Today after work, I needed to stop at the grocery store to pick up some things for the dinner I was planning to fix for myself, my partner, and our friend who was coming over. As I got off the bus, I felt a hot flash coming on; by the time I got into the produce section of our tiny neighborhood grocery store, I was afraid I was going to pass out. I did my best to focus, grabbed the produce I needed, and then turned my attention to dessert. I saw a jar of hot fudge on a shelf, picked it up, and put it in my basket, thinking that ice cream with hot fudge sounded lovely. I then turned and began making my way toward the ice cream aisle.

Halfway there, however, I found myself feeling confused. Why was I going to get ice cream? This store had gluten free cookies! I found some cookie options for myself and my dinner companions, and made my way toward the register, still hot and dizzy, feeling like I had accomplished a huge feat in holding it together long enough to get my grocery shopping done.

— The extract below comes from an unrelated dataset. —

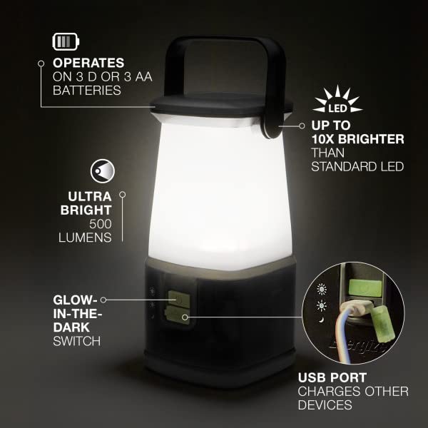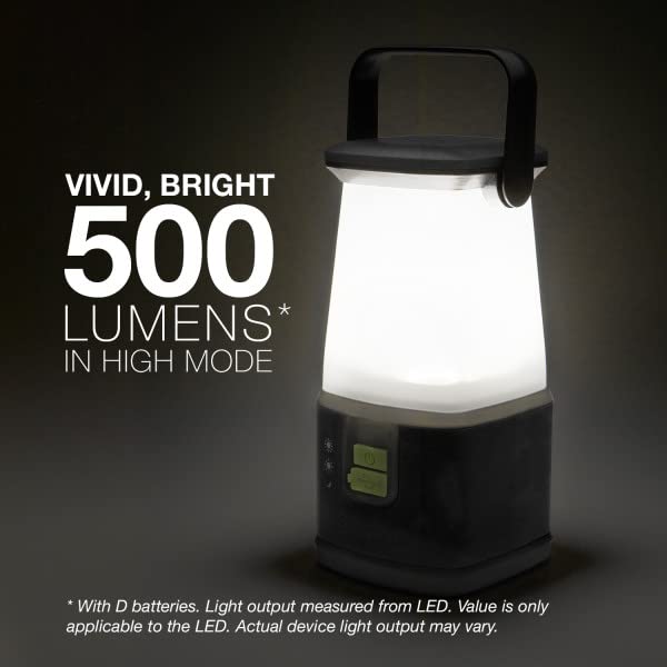 [UP TO 10X BRIGHTER]: Advanced LED technology make this Energizer lantern up to 10x brighter than standard LEDs. On High mode, this powerful light emits 500 lumens with a runtime of 150 hours for extra-long use

As I unloaded my basket, I suddenly found myself holding a jar of fudge, wondering how it got there. And then I remembered. I thought about telling the clerk that I didn’t want it, but I was too discombobulated to manage conversation, so down the conveyor belt and into the bag and home with me it went.

And that is how I ended up with accidental fudge.

When I got home and told this story to my partner, ze thought it was so hilarious that it merited not only a singular blog post, but the beginning of an entire blog about my transition-related adventures.

So here it is, folks. Accidental Fudge.